Malheureusement, les luttes intestines au sein du gouvernement ont eu des répercussions négatives. La Banque centrale européenne espérait qu’il suffirait de dicter ses conditions pour inciter le gouvernement italien à faire ce qu’il aurait dû faire depuis début juillet. Ses espoirs n’étaient pourtant que des voeux pieux. Rassuré par la diminution des écarts, le gouvernement italien a commencé lentement à faire marche arrière. La suppression des provinces [départements] a été abolie, la "contribution de solidarité" a été évincée, et la portée de l’ensemble de l’opération a été fortement atténuée.

La Banque centrale européenne se trouve dès lors face à un dilemme. Si elle veut favoriser le processus d”intégration européenne, elle doit punir l'Italie, ou, du moins, son gouvernement qui n’a pas maintenu sa parole. La faisabilité d’une union fiscale, avec tous les transferts que cela engendre, repose sur la capacité des institutions européennes à contrôler les gouvernements nationaux excessivement dépensiers. Sans cette mesure de contrôle, les transferts ne feraient que prolonger la crise financière des gouvernements nationaux, sans la résoudre. Continuer à soutenir l’Italie alors qu’elle n’a pas tenu sa promesse anéantit toute crédibilité future, et met donc en péril l’avenir de l’Union européenne.

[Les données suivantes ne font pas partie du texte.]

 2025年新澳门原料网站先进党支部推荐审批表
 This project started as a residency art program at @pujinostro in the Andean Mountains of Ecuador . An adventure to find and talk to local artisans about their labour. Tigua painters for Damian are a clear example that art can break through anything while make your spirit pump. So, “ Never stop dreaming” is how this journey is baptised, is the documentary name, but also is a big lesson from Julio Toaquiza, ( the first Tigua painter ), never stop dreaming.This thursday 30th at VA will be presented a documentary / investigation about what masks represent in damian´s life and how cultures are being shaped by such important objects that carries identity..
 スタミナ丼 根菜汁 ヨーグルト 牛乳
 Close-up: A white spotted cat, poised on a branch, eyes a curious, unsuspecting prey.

La BCE victime du gouvernement Berlusconi

Cependant, la BCE sait pertinemment que, si elle abandonne maintenant l’Italie à son destin, cela signifie la fin de l’euro. En poussant le gouvernement à faire son devoir, la BCE a dévoilé son manque de fiabilité, en aggravant paradoxalement son image. C’est pour cela qu’il est posisble que, demain, même avec les achats de la BCE, les écarts repartent à la hausse.

Naturellement, sans le soutien de la BCE, la situation serait bien plus grave encore que celle du 5 août. Même si le Mécanisme européen de stabilité financière (MESF) décidait d’intervenir, elle n’aurait pas assez de ressources pour le faire. En outre, même si elle était soutenue par une volonté politique, elle n’aurait pas le temps de faire voter à tous les parlements européens l’augmentation de la dotation du MESF.

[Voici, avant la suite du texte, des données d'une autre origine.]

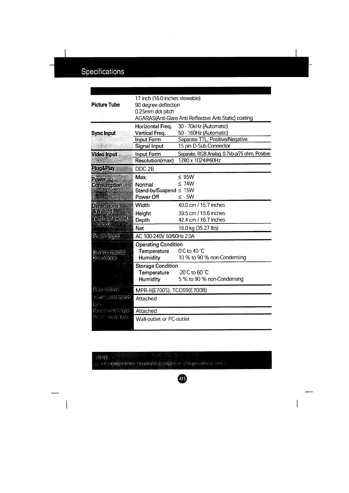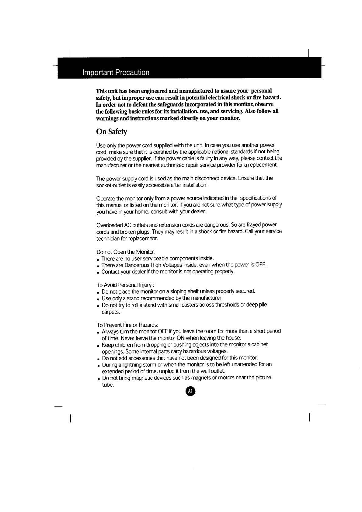 LG Electronics USA 17-inch CRT Monitor Users Manual
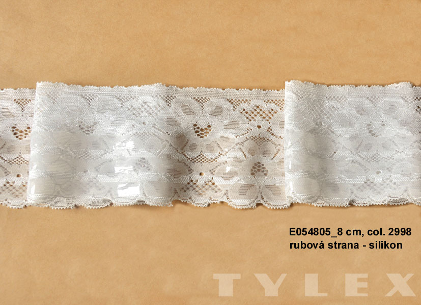 Krajka plet. el. PAD Krajka ve variantě 05 je se třemi silikonovými pruhy, určená pro samodržící punčochy. |
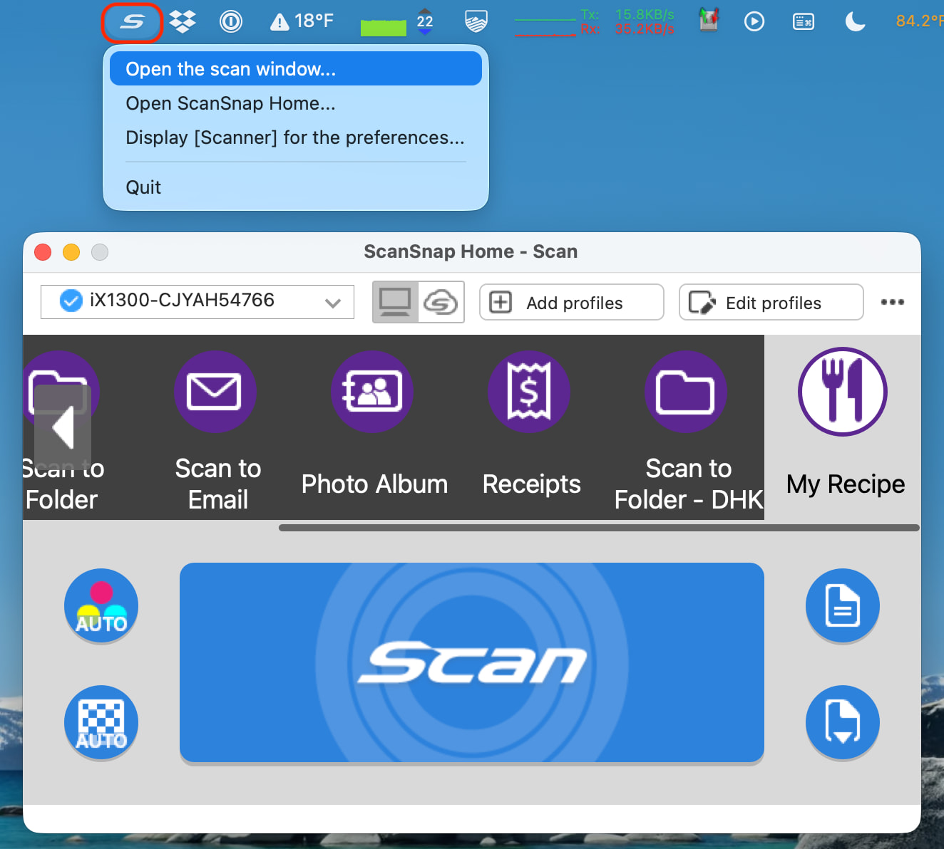No way to put Profiles in the menu? If this is something I’m missing, please show me. The software puts a cute “S” menu, which is handy. But the main interface I need when scanning is to select the profile, which controls the quality, color, duplex, destination, etc. ScanSnap Manager used to make that available via the Dock icon popup. And this new “S” menu would appear to be the perfect place to let you add them; but there doesn’t seem to be any way to do it. Instead, you have to select “Open the scan window…” which reveals the window shown, and then scroll til you find the one you want and select it there.

Si la BCE abandonne l’Italie, la Péninsule -— et, par conséquent, les banques italiennes qui détiennent d’importantes quantités de titres publics — se retrouverait presque inévitablement en cessation de paiement. Cette crise se propagerait aisément vers les banques françaises et allemandes, avec toutes les conséquences que l’on peut imaginer. L’euro survivrait difficilement à ce scénario. En d’autres termes, punir le gouvernement italien serait tellement catastrophique que la Banque centrale européenne ne peut vraisemblablement même pas le menacer.

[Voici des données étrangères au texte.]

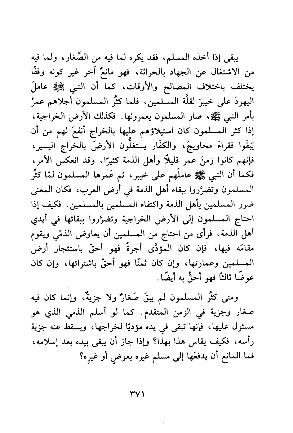 يبقى إذا أخذه المسلم، فقد يكره لما فيه من الصَّغار، ولما فيه من الاشتغال عن الجهاد بالحراثة، فهو مانعٌ آخر غير كونه وقفًا يختلف باختلاف المصالح والأوقات، كما أن النبي - صَلَّى اللَّهُ عَلَيْهِ وَسَلَّمَ - عاملَ اليهودَ على خيبرَ لقلّة المسلمين، فلما كثُر المسلمون أجلاهم عمرُ بأمر النبي- - صَلَّى اللَّهُ عَلَيْهِ وَسَلَّمَ -، صار المسلمون يعمرونها. فكذلك الأرض الخراجية، إذا كثر المسلمون كان استيلاؤهم عليها بالخراج أنفعَ لهم من أن يَبقَوا فقراءَ محاويجَ، والكفّار يستغلُّون الأرضَ بالخراج اليسير، فإنهم كانوا زمنَ عمر قليلاً وأهل الذمة كثيرًا، وقد انعكس الأمر، فكما أن النبي - صَلَّى اللَّهُ عَلَيْهِ وَسَلَّمَ - عاملَهم على خيبر، ثم عَمرها المسلمون لفا كثُر المسلمون وتضرَّروا ببقاء أهل الذمة في أرض العرب، فكان المعنى ضرر المسلمين بأهل الذمة واكتفاء المسلمين بالمسلمين. فكيف إذا احتاج المسلمون إلى الأرض الخراجية وتضرّروا ببقائها في أيدي أهل الذمة، فرأى من احتاج من المسلمين أن يعاوض الذمّي ويقوم مقامَه فيها، فإن كان المؤدَّى أجرةً فهو أحق باستئجار أرض المسلمين وعمارتها، وإن كان ثمنًا فهو أحق باشترائها، وإن كان عوضًا ثالثاً فهو أحق به أيضًا.
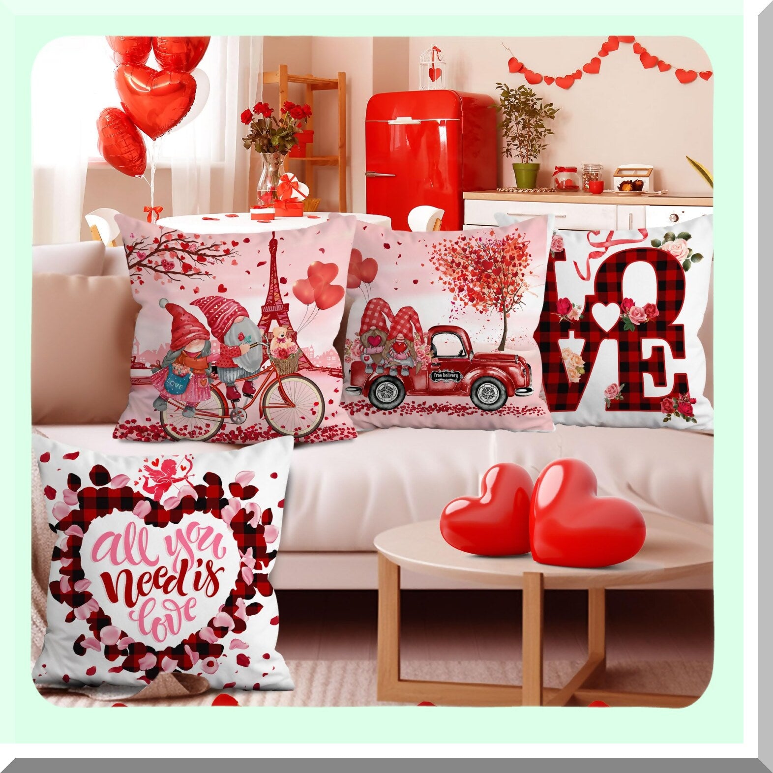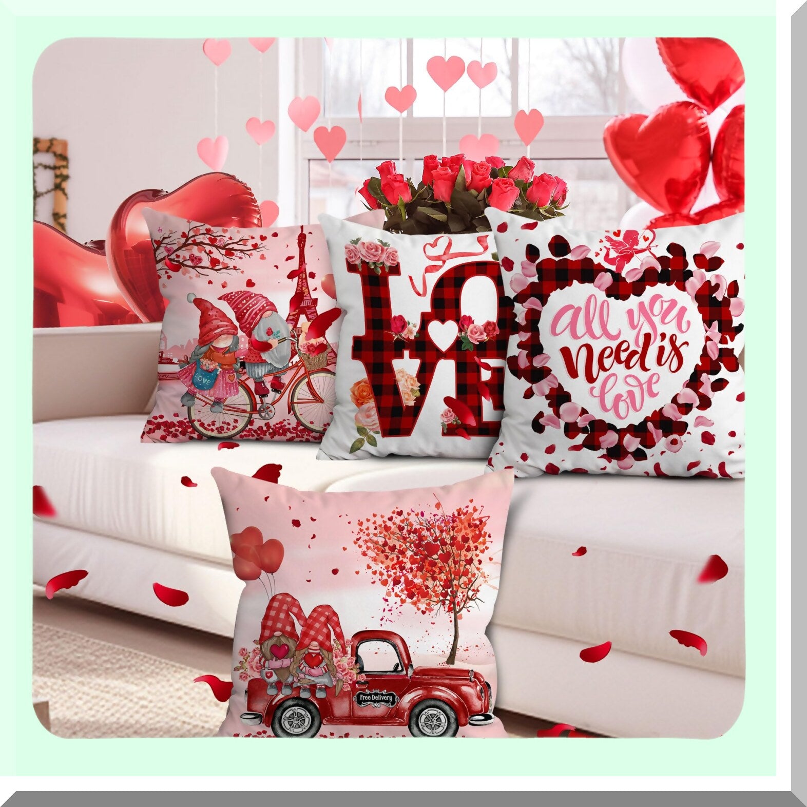 Valentine's Gnome Truck Pillow Covers - Set of 4 | Farmhouse Decorative Throw Pillow Covers 18x18 | Soft Pink Cushion Covers for Couch & Outdoor Home Décor

Et, comme elle ne peut pas le faire, elle perd sa crédibilité. Elle pensait pouvoir contrôler facilement le gouvernement italien. Paradoxalement, elle en est aujourd’hui la victime. Quelle est donc l’issue de ce dilemme ? Il faudrait que notre parlement punisse le gouvernement italien pour son inaptitude. Ce n’est pas tant une question de majorité que de capacité et de crédibilité de l’action du gouvernement. Soit on change, soit on sort de l’Europe.